- Flag Coat of arms
- Country: Nicaragua
- Capital: León

Area
- • Total: 5,138 km^{2} (1,984 sq mi)

Population (2023 estimate)
- • Total: 426,850
- • Density: 83.08/km^{2} (215.2/sq mi)
- ISO 3166-2: NI-LE

= León Department =

Department of Nicaragua

León (/es/) is a department in Nicaragua. It covers an area of 5138 km2 and has a population of 426,850 (2023 estimate). The capital is the city of León. There are several volcanoes in the department, including the Momotombo and Cerro Negro.

==History==
León was established on 15 June 1524 by Francisco Hernández de Córdoba on the slopes of the Momotombo volcano.

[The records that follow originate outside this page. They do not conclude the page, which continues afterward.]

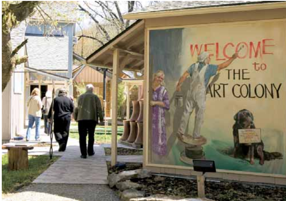
The Art Colony in Eureka Springs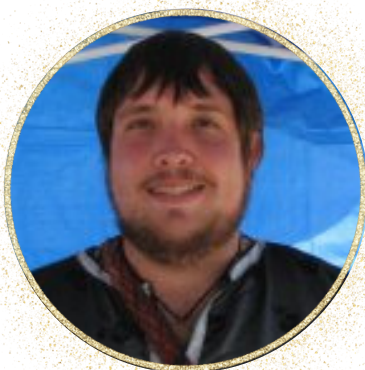
ARMORED COMBAT CHAMPION CHARLES THE BEAR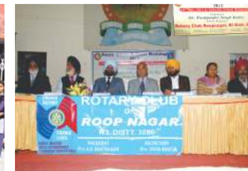
Career Guidance Workshop organised by RC Roopnagar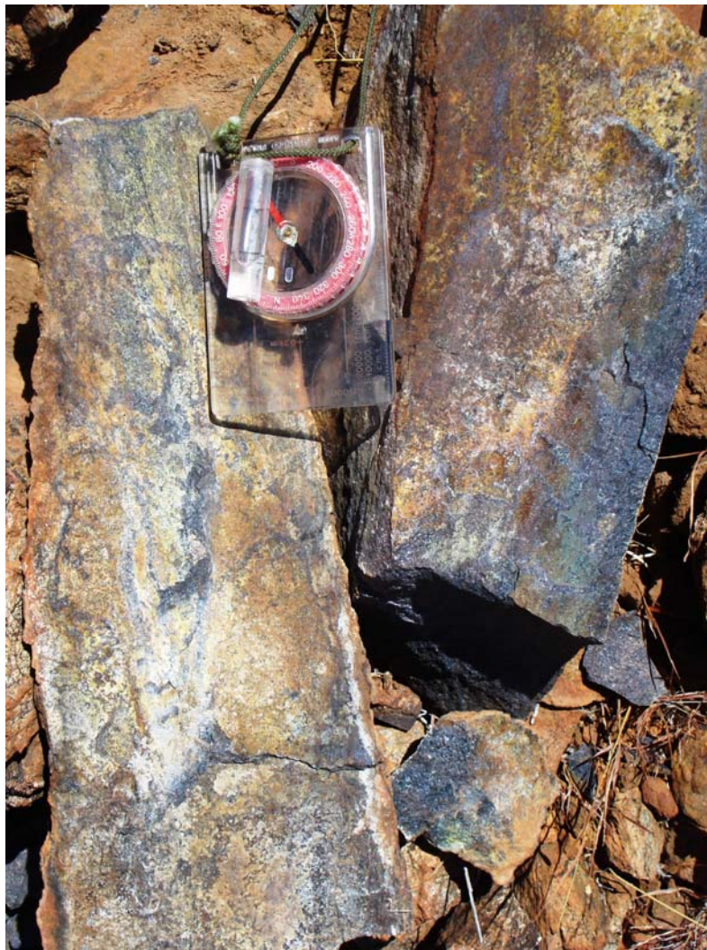
Figure 3. Uranium mineralisation yellow-green uranophane within felsite at Anomaly H078 – 1.13% U_3O_8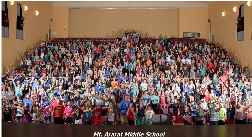
Mt. Ararat Middle School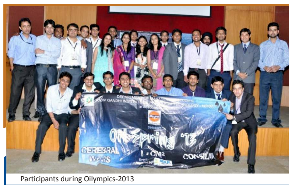
Participants during Oilympics-2013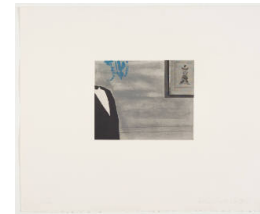
Title: Untitled (Plate 9) Date: 1982 Primary Maker: John Baldessari Medium: drypoint, aquatint, soft ground sugarlift and photoetching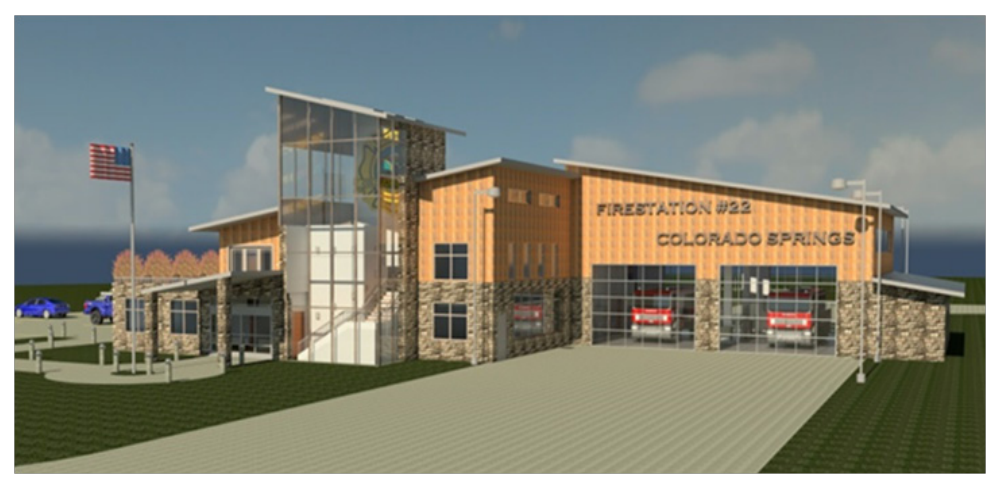
Design by 2nd Lt Taylor Cooksey

complete preliminary designs for the building's site, foundation, structure, electrical and HVAC systems, all in a 3D Revit model. The students must also complete a cost estimate and a LEED version 4 scorecard showing how their project would achieve at least a silver rating. Below are some images from Dr. James Pocock's spring 2015 sections.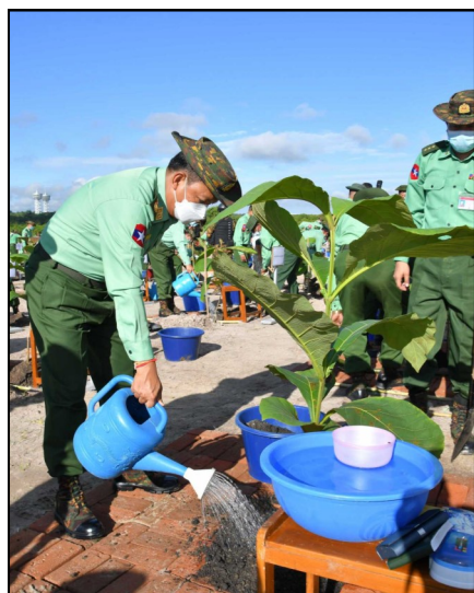
Lt-Gen Moe Myint Tun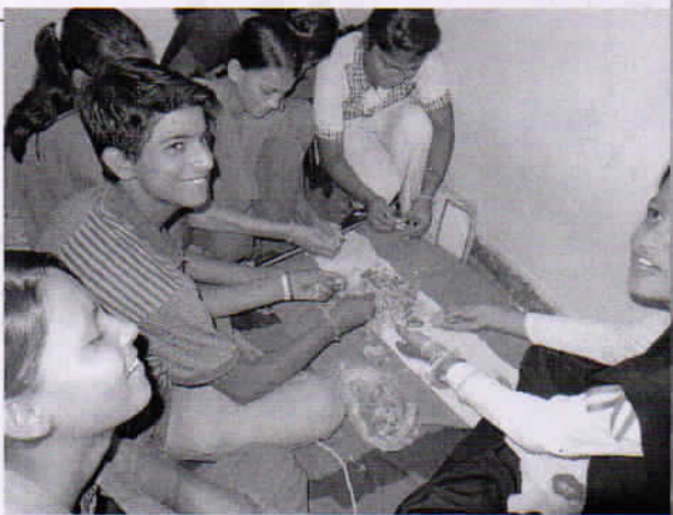
Celebration of Independence day – in our Free Coaching Centre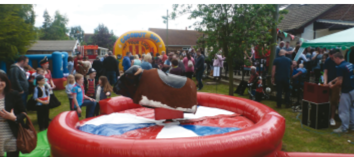
The children and the parents had great fun on the Rodeo Bull!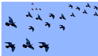
a flock of birds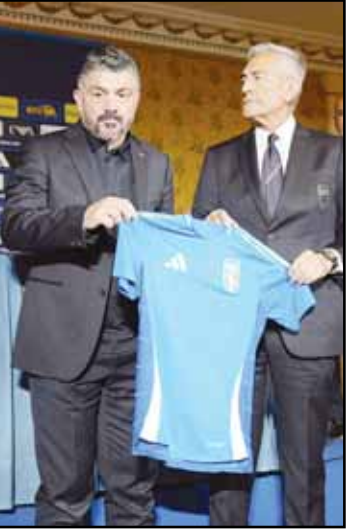
Newly appointed Italian national soccer team head coach Gennaro Gattuso, left, poses for photographers with Italian Soccer Federation, FGCI, president Gabriel Gravina during a press conference, in Rome.

sacrifice, great professionalism and diligence. He told me right away that nobody wins alone, that you win as a squad and a group." Gattuso said he wants to set a new standard of dedication whereby even injured players remain at the national team's training center. "We have plenty of physical therapists and medical staff," Gattuso said. "If I had listened to my body, I would have played 50 fewer matches. We need to go beyond our limits." Gattuso said he had already made calls to 35 players, including Federico Chiesa. Chiesa was a standout on the Italy team that won the European Championship in 2021 but hasn't played much since leaving Juventus for Liverpool last year. "I told Chiesa that he needs to find a way to play more regularly," Gattuso said. One player who Gattuso did not call was 37-year-old defender Francesco Acerbi, who turned down his call up for the Norway match, where he was expected to mark Erling Haaland. "I respect him," Gattuso said. "But I called other, younger players who I think can offer us something."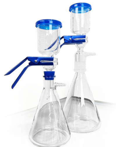
Glass vacuum filter unit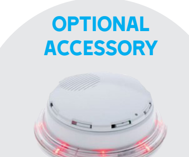
SOUNDER - 8 LED Sounder/Beacon Enhances Accessibility.

The ED4+ is compatible with APEX and ELITE systems and can be used with optional accessories that enhance accessibility; Sounder and Beacon.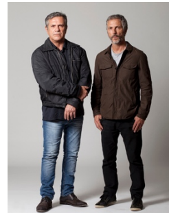
Estudio Campana (est. 1998, active in São Paulo, Brazil)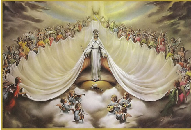
Mary - Queen of Heaven

of Heaven. Never did any Greek or Roman deity receive greater veneration and worship than the Roman Catholic Mary.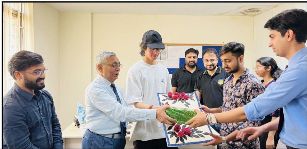
Second Position - by Kekhrietuo Chelie and Faizan - ASAP Dpt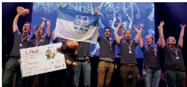
► Johanniter team from Essen that won first place

The 24th federal competition of Johanniter-Unfall-Hilfe Germany (Rescue Olympics) took place in the eastern German city of Cottbus at the "Spreeauenpark". JOIN members from Hungary and Poland were among the 400 participants who had to deal with a wide range of scenarios: road accidents, heart attacks, people falling of ladders, inline-skating accident's, etc. The aim of the competition was to address these critical situations as a first aider in the most efficient way. About 1,600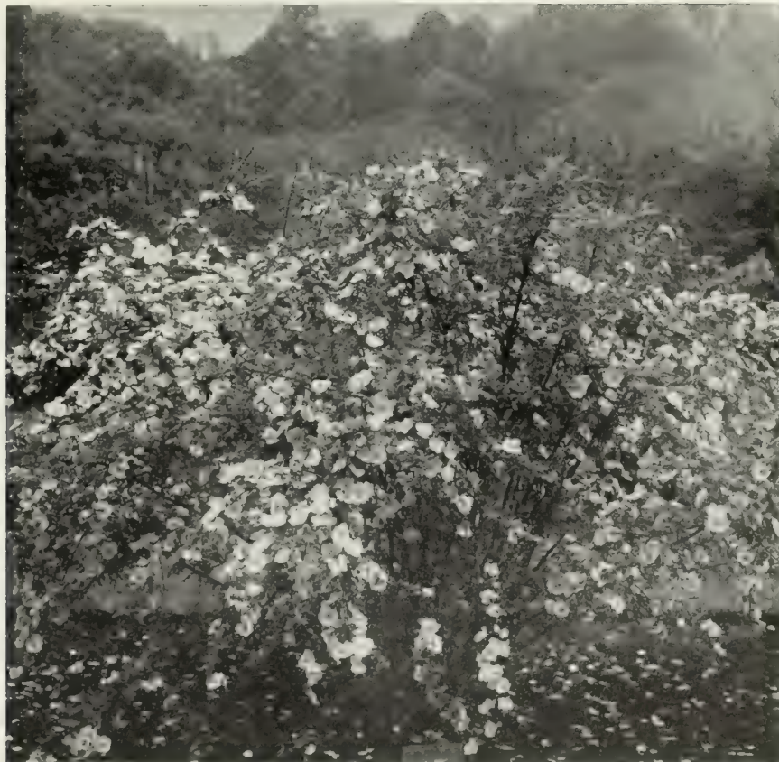
ROSA HUGONIS—GOLDEN ROSE OF CHINA

AMERICAN ELM, Ulmus americana . Giant growing and long-lived tree indigenous to our New England meadows and brook-sides and long familiar on our tree-lined village streets. 6 to 8 ft. $2.50 each.

However, it was damaged by the eruption of the Momotombo volcano in 1578, and further destroyed in an earthquake in 1610. After the destruction of the city, the current settlement of León, was established about 30 km from the site, and León served as the capital of Nicaragua until the early 19th century. The old destroyed city became part of the Ruins of León Viejo. It also houses a cathedral, the largest in Central America, which was built between 1747 and 1860. The ruins of León Viejo was inscribed as a UNESCO World Heritage Site in 2000.

==Geography==
León is one of the fifteen departments of Nicaragua. It is spread over an area of 5138 km2. Its capital, León, is located 93 km from the national capital of Managua. It is bordered by Matagalpa, Estelí, Managua and Chinandega Departments. There are ten municipalities-Achuapa, El Jicaral, El Sauce, La Paz Centro, Larreynaga, León, Nagarote, Quezalguaque, Santa Rosa del Peñón, and Telica, in the department. The department hosts several sandy beaches along the Pacific coast. The Juan Venado Island, is located off the Pacific coast, and forms part of a protected reserve since 1983.

There are several volcanoes in the Maribios mountains. Momotombo, which raises to 1297 m is located near the town of Puerto Momotombo, on the shores of Lake Managua. The Cerro Negro, which raises to an elevation of 728 m, was formed in 1850 and is the youngest volcano in Central America. It is located close to the city of Leon and is amongst the most active volcanoes in Nicaragua.

==Demographics==
As per 2023 estimate, Leon department had a population of 436,850 inhabitants. The population consists of 51% females and 49% males. About 64.5% of the population were classified as urban, and rest 35.5% as rural.

==Sister State==
León is a sister state with Minnesota, USA through Project Minnesota/León.